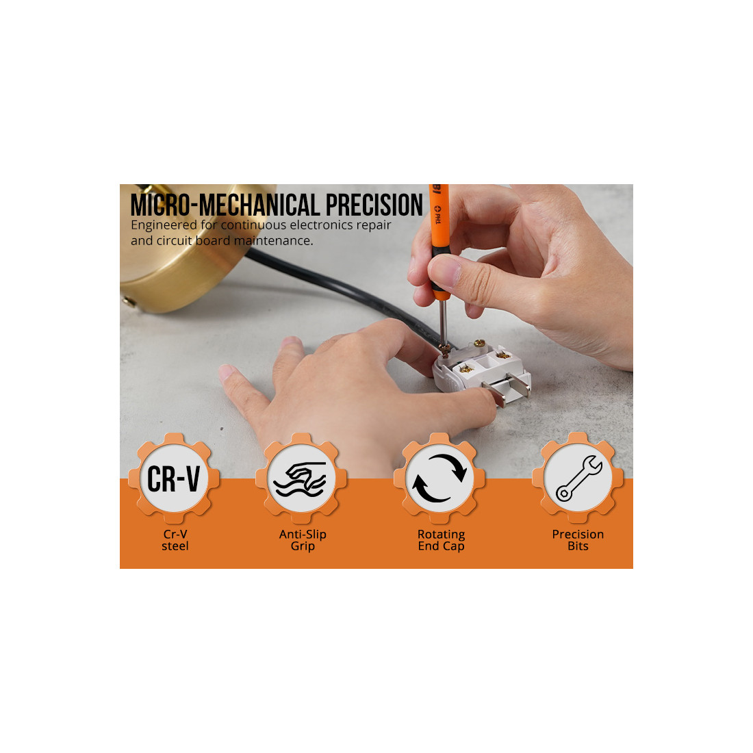 تتميز رؤوس المفكات بخاصية المغناطيسية، مما يسهل تثبيت البراغي الدقيقة ويمنع فقدانها أثناء العمل. بالإضافة إلى ذلك، يأتي كل مفك بلمسة نهائية سوداء تضيف مظهرًا احترافيًا مع تحسين مقاومة السطح للصدأ.
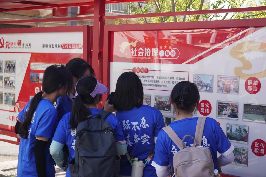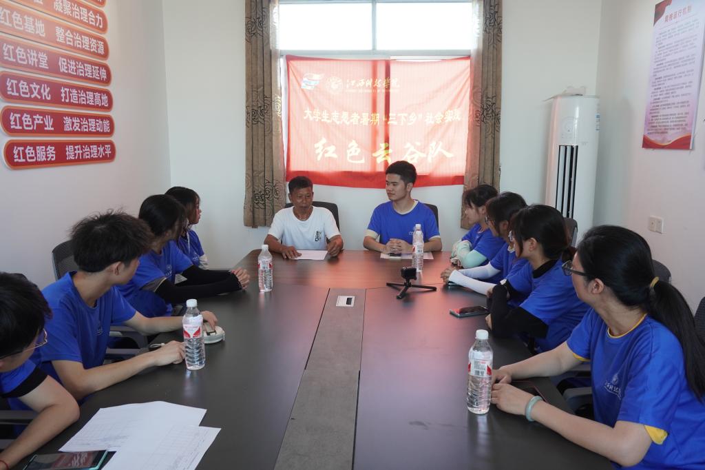 在七峰村村委会,七峰村党支部书记何茂火为红色云谷队介绍当地红色文化。来到村委会公告板前,一行行文字,一幅幅图片,无声地诉说着乡村的变迁与成长。
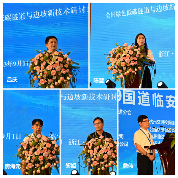 浙江大学防灾工程研究所所长吕庆,中铁工程设计咨询集团有限公司城交院副总工程师陈慧,马克菲尔(长沙)新型支档科技开发有限公司交通领域总工房海元,中国铁路经济规划研究院桥隧部高级工程师黎旭,浙江省交通运输科学研究院道路工程研究所所长詹伟,浙大城市学院工程学院常务副院长兼教务处处长丁智,浙江数智交院科技股份有限公司轨道院研发所所长李长俊,中铁第六勘察设计院集团有限公司首席专家贺维国,浙江交科交通科技有限公司执行董事兼总经理董志远,浙江省交通运输科学研究院高级工程师王强分别做题目为《公路岩质边坡数字化调查技术与应用》《隧道及地下工程低碳设计理念及低碳建造技术》《马克菲尔绿色公路工程实践与创新》《活动断裂带铁路隧道韧性结构体系及运营保通关键技术》《山区公路边坡“天空地”一体化安全防控技术研究与应用》《复杂环境盾构穿越敏感结构扰动机理及灾变控制技术》《隧道运营期结构安全监测预警与智能评价关键技术》《内河沉管法隧道技术发展与创新》《信息化技术与交通行业的深度融合》《公路隧道表观与隐蔽面病害快速同步检测与智能识别技术》的主题报告。
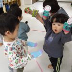 手作り靴下シンバルが大人気で、ほとんどのお友達が
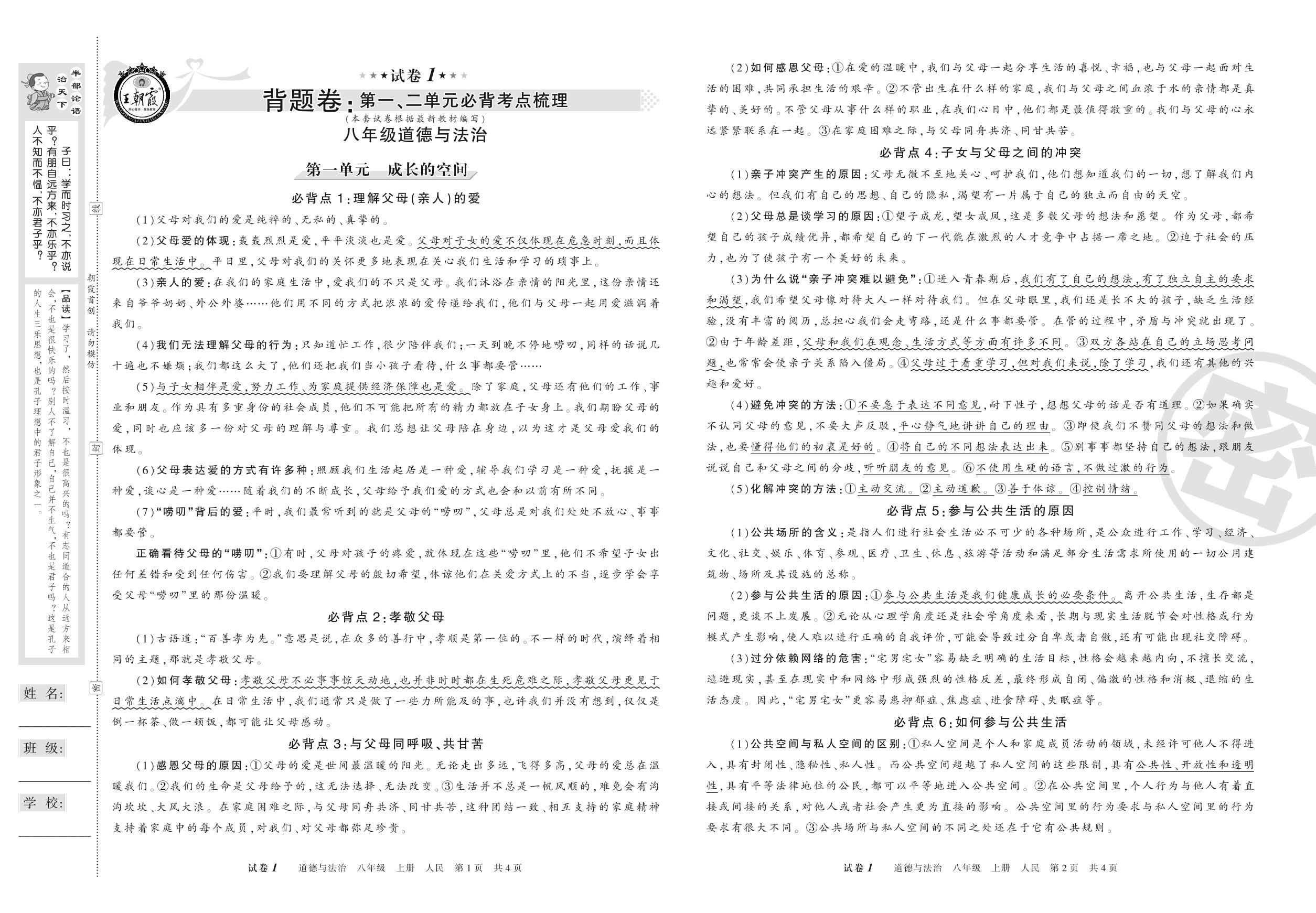 王朝霞期末背题卷——第一、二单元必背考点梳理八年级上册道德与法治(人民版)【1】
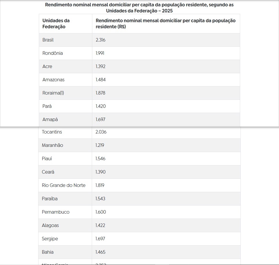 O rendimento domiciliar per capita para o Brasil, em 2025, ficou em R$ 2.316. O valor representa um avanço em relação a 2024, quando a renda média dos residentes no país ficou em R$ 2.069. Foi maior também na comparação com anos anteriores: R$ 1.893, em 2023, e R$ 1.625, em 2022.
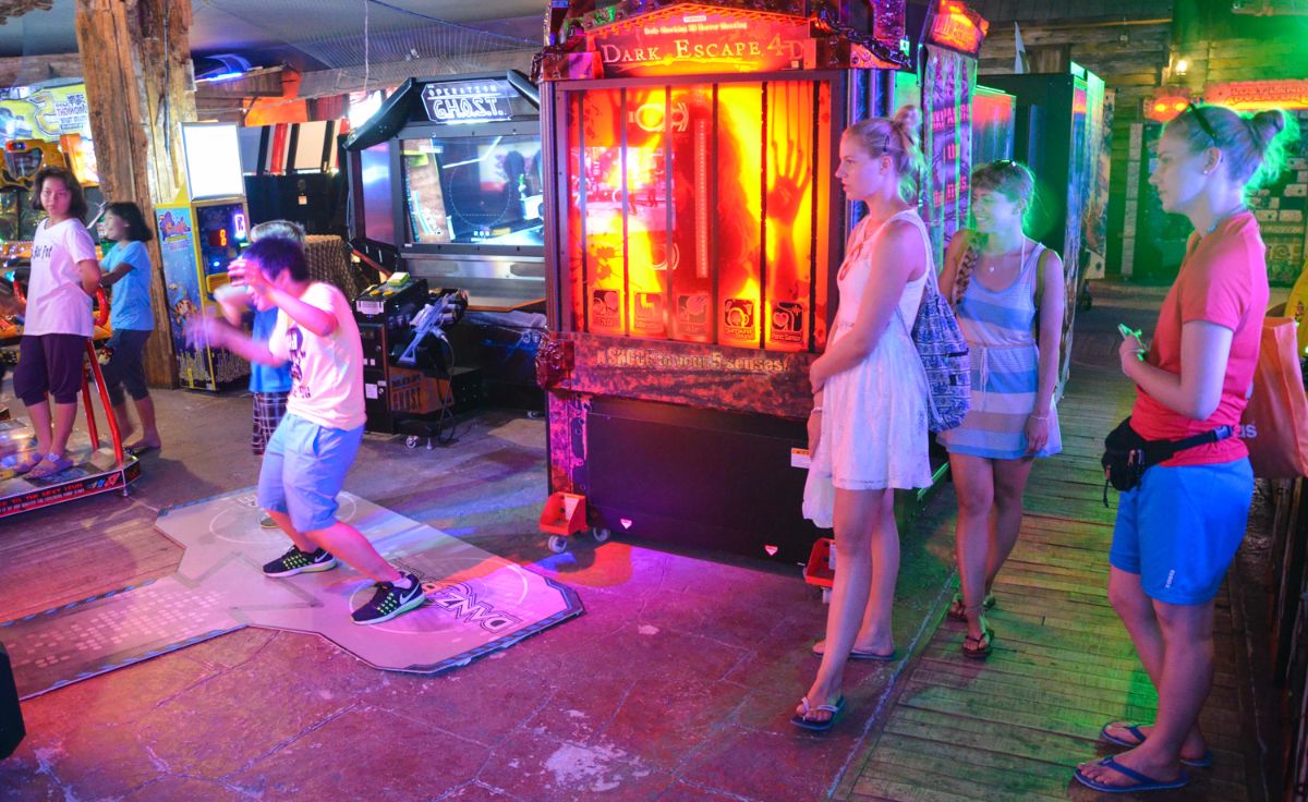 - Asiaten beim Arcade-spielen beobachten
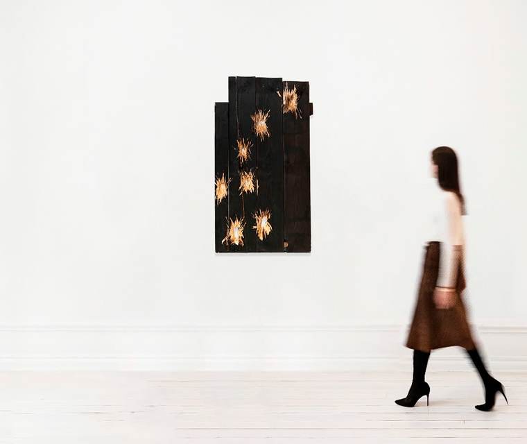 «Деревянные карты — для поиска истинного Севера. Когда я был маленький, мама часто водила меня в планетарий. Я уже ничего не помню, что там было, но Большую и Малую Медведицу я запомнил. С тех пор прошло много времени, а эти созвездия до сих пор не изменились — так же, как и щели в крыше дачного дома или шрамы от ран и порезов на теле. И вырубленные на досках “звезды” никогда не поменяют своего истинного места. Все дырки сделаны с самой топорной точностью и с максимальной четкостью показывают настоящее местоположение Севера...7».
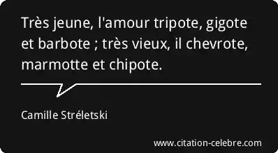 Très jeune, l'amour tripote, gigote et barbote ; très vieux, il chevrote, marmotte et chipote.
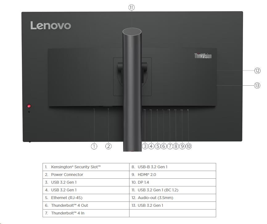 LENOVO LCD P32p-30 - 31,5”,IPS,matný,16:9,3840x2160,178/178,4ms/6ms,250cd/m2,1000:1,HDMI,DP,USBC,RJ45,USBHub,Pivot,VESA
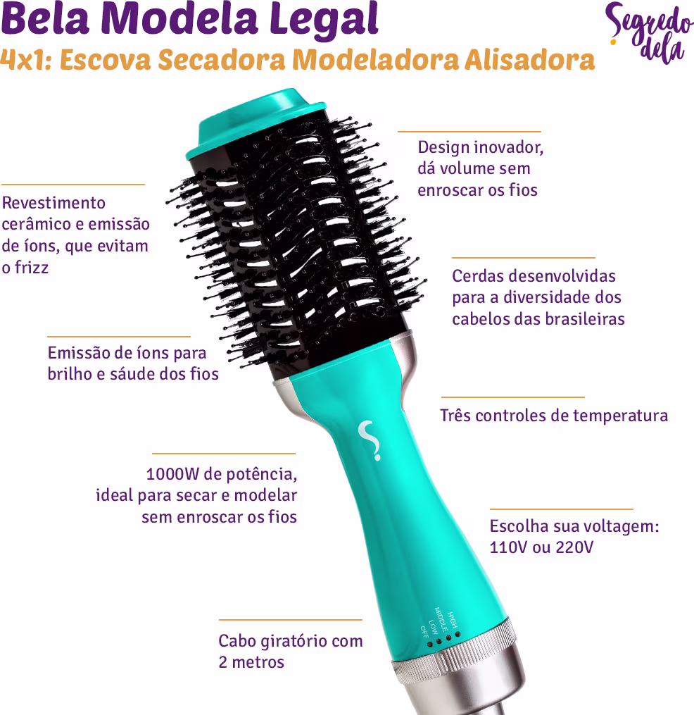 Compre Segredo Dela Bela Modela Legal - Escova Secadora Modeladora e Alisadora. Melhor preço e entrega rápida para Segredo Dela. Ver mais ❯
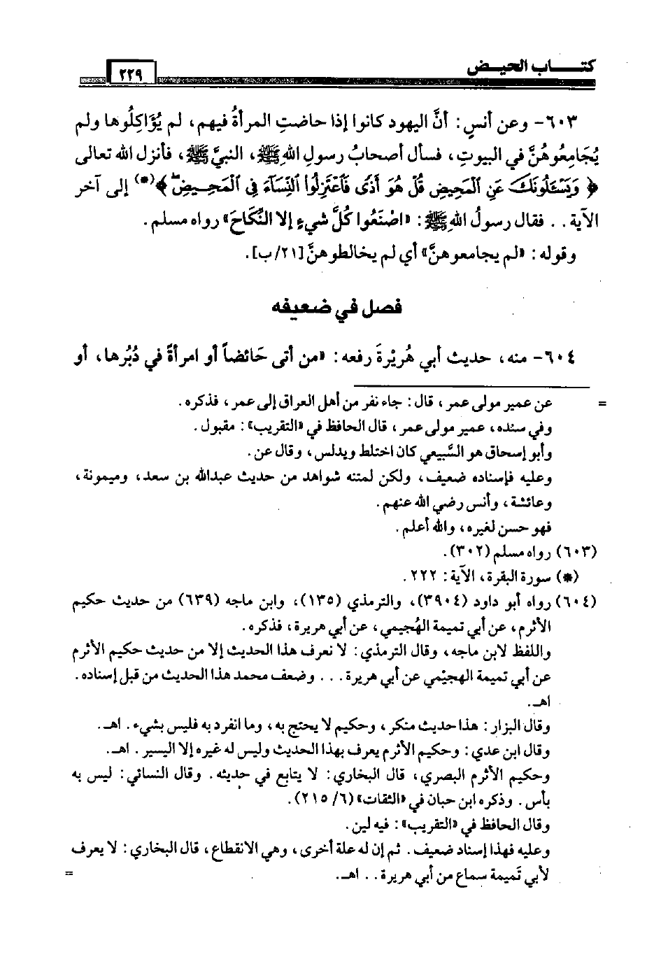 603 - وَعَن أنس: أَن الْيَهُود كَانُوا إِذا حَاضَت الْمَرْأَة فيهم، لم يؤاكلوها وَلم يجامعوهن فِي الْبيُوت، فَسَأَلَ أَصْحَاب رَسُول الله صَلَّى اللَّهُ عَلَيْهِ وَسَلَّم َ، النَّبِي صَلَّى اللَّهُ عَلَيْهِ وَسَلَّم َ، فَأنْزل الله تَعَالَى (ويسئلونك عَن الْمَحِيض قل هُوَ أَذَى فاعتزلوا النِّسَاء فِي الْمَحِيض) إِلَى آخر الْآيَة. . فَقَالَ رَسُول الله صَلَّى اللَّهُ عَلَيْهِ وَسَلَّم َ: " اصنعوا كل شَيْء إِلَّا النِّكَاح " رَوَاهُ مُسلم. وَقَوله: " لم يجامعوهن " أَي لم يخالطوهن [21 / ب] .
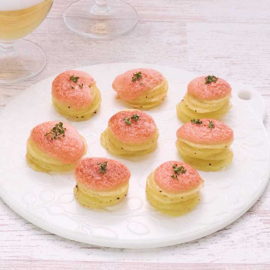 薄切りにしたじゃがいもを積み重ね、カリッと焼き上げた簡単レシピをご紹介♪人気の明太マヨソースをかけて、止まらないおいしさに仕上げました。パクッと食べやすい大きさなので、おつまみやパーティーシーンなどにおすすめです。
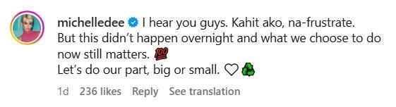 Nag-react dito si Michelle at hinikayat ang kanyang followeres na gawin ang lahat ng makakaya, maliit man o malaki, para pangalagaan ang kalikasan.
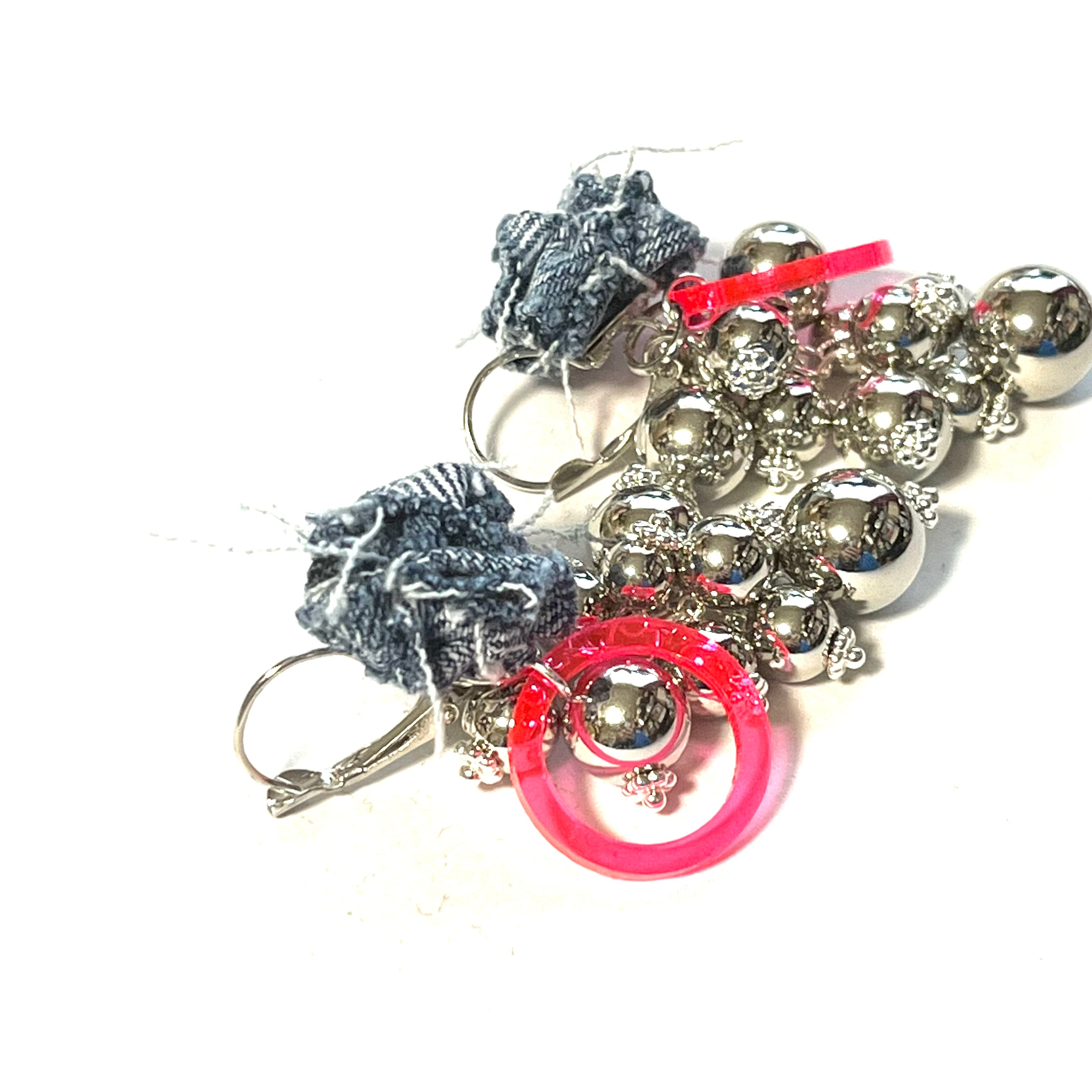 No.220 シルバー ピンク 蛍光ピンク 蛍光カラー 派手 デニムピアス 金属アレルギー 人気 プレゼント
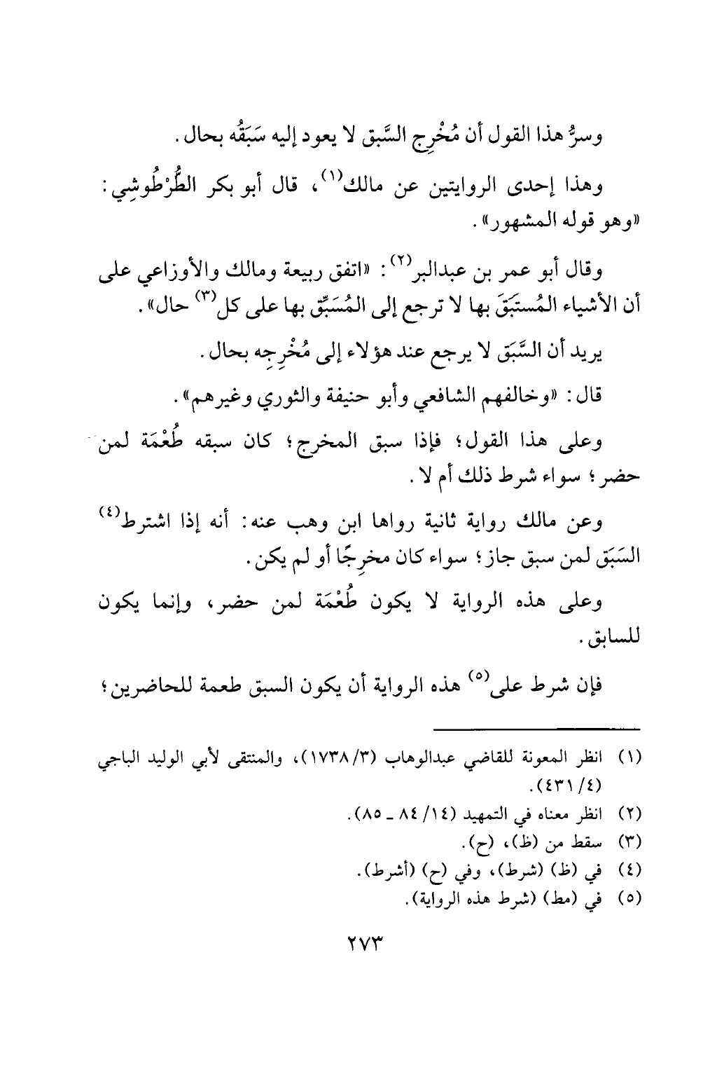 وقال أبو عمر بن عبد البر (¬2): "اتفق ربيعة ومالك والأوزاعي على أن الأشياء المُستَبَقَ بها لا ترجع إلى المُسَبِّق بها على كل (¬3) حال".
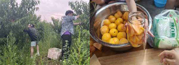 在助農(nóng)方面,實(shí)踐團(tuán)成員隨徐敏安爺爺來(lái)到山上摘桃、賣桃,感受到了農(nóng)業(yè)勞動(dòng)的不易。此外,他們還與當(dāng)?shù)卮迕褚黄鹬谱髁它S桃罐頭,為農(nóng)產(chǎn)品加工提供支持。

....

● Task instructions
If a picture appears in the data, omit it; transcribe all the rest exactly.

● Reply to the exercise
 تتميز رؤوس المفكات بخاصية المغناطيسية، مما يسهل تثبيت البراغي الدقيقة ويمنع فقدانها أثناء العمل. بالإضافة إلى ذلك، يأتي كل مفك بلمسة نهائية سوداء تضيف مظهرًا احترافيًا مع تحسين مقاومة السطح للصدأ.
 在七峰村村委会,七峰村党支部书记何茂火为红色云谷队介绍当地红色文化。来到村委会公告板前,一行行文字,一幅幅图片,无声地诉说着乡村的变迁与成长。
 浙江大学防灾工程研究所所长吕庆,中铁工程设计咨询集团有限公司城交院副总工程师陈慧,马克菲尔(长沙)新型支档科技开发有限公司交通领域总工房海元,中国铁路经济规划研究院桥隧部高级工程师黎旭,浙江省交通运输科学研究院道路工程研究所所长詹伟,浙大城市学院工程学院常务副院长兼教务处处长丁智,浙江数智交院科技股份有限公司轨道院研发所所长李长俊,中铁第六勘察设计院集团有限公司首席专家贺维国,浙江交科交通科技有限公司执行董事兼总经理董志远,浙江省交通运输科学研究院高级工程师王强分别做题目为《公路岩质边坡数字化调查技术与应用》《隧道及地下工程低碳设计理念及低碳建造技术》《马克菲尔绿色公路工程实践与创新》《活动断裂带铁路隧道韧性结构体系及运营保通关键技术》《山区公路边坡“天空地”一体化安全防控技术研究与应用》《复杂环境盾构穿越敏感结构扰动机理及灾变控制技术》《隧道运营期结构安全监测预警与智能评价关键技术》《内河沉管法隧道技术发展与创新》《信息化技术与交通行业的深度融合》《公路隧道表观与隐蔽面病害快速同步检测与智能识别技术》的主题报告。
 手作り靴下シンバルが大人気で、ほとんどのお友達が
 王朝霞期末背题卷——第一、二单元必背考点梳理八年级上册道德与法治(人民版)【1】
 O rendimento domiciliar per capita para o Brasil, em 2025, ficou em R$ 2.316. O valor representa um avanço em relação a 2024, quando a renda média dos residentes no país ficou em R$ 2.069. Foi maior também na comparação com anos anteriores: R$ 1.893, em 2023, e R$ 1.625, em 2022.
 - Asiaten beim Arcade-spielen beobachten
 «Деревянные карты — для поиска истинного Севера. Когда я был маленький, мама часто водила меня в планетарий. Я уже ничего не помню, что там было, но Большую и Малую Медведицу я запомнил. С тех пор прошло много времени, а эти созвездия до сих пор не изменились — так же, как и щели в крыше дачного дома или шрамы от ран и порезов на теле. И вырубленные на досках “звезды” никогда не поменяют своего истинного места. Все дырки сделаны с самой топорной точностью и с максимальной четкостью показывают настоящее местоположение Севера...7».
 Très jeune, l'amour tripote, gigote et barbote ; très vieux, il chevrote, marmotte et chipote.
 LENOVO LCD P32p-30 - 31,5”,IPS,matný,16:9,3840x2160,178/178,4ms/6ms,250cd/m2,1000:1,HDMI,DP,USBC,RJ45,USBHub,Pivot,VESA
 Compre Segredo Dela Bela Modela Legal - Escova Secadora Modeladora e Alisadora. Melhor preço e entrega rápida para Segredo Dela. Ver mais ❯
 603 - وَعَن أنس: أَن الْيَهُود كَانُوا إِذا حَاضَت الْمَرْأَة فيهم، لم يؤاكلوها وَلم يجامعوهن فِي الْبيُوت، فَسَأَلَ أَصْحَاب رَسُول الله صَلَّى اللَّهُ عَلَيْهِ وَسَلَّم َ، النَّبِي صَلَّى اللَّهُ عَلَيْهِ وَسَلَّم َ، فَأنْزل الله تَعَالَى (ويسئلونك عَن الْمَحِيض قل هُوَ أَذَى فاعتزلوا النِّسَاء فِي الْمَحِيض) إِلَى آخر الْآيَة. . فَقَالَ رَسُول الله صَلَّى اللَّهُ عَلَيْهِ وَسَلَّم َ: " اصنعوا كل شَيْء إِلَّا النِّكَاح " رَوَاهُ مُسلم. وَقَوله: " لم يجامعوهن " أَي لم يخالطوهن [21 / ب] .
 薄切りにしたじゃがいもを積み重ね、カリッと焼き上げた簡単レシピをご紹介♪人気の明太マヨソースをかけて、止まらないおいしさに仕上げました。パクッと食べやすい大きさなので、おつまみやパーティーシーンなどにおすすめです。
 Nag-react dito si Michelle at hinikayat ang kanyang followeres na gawin ang lahat ng makakaya, maliit man o malaki, para pangalagaan ang kalikasan.
 No.220 シルバー ピンク 蛍光ピンク 蛍光カラー 派手 デニムピアス 金属アレルギー 人気 プレゼント
 وقال أبو عمر بن عبد البر (¬2): "اتفق ربيعة ومالك والأوزاعي على أن الأشياء المُستَبَقَ بها لا ترجع إلى المُسَبِّق بها على كل (¬3) حال".
 在助農(nóng)方面,實(shí)踐團(tuán)成員隨徐敏安爺爺來(lái)到山上摘桃、賣桃,感受到了農(nóng)業(yè)勞動(dòng)的不易。此外,他們還與當(dāng)?shù)卮迕褚黄鹬谱髁它S桃罐頭,為農(nóng)產(chǎn)品加工提供支持。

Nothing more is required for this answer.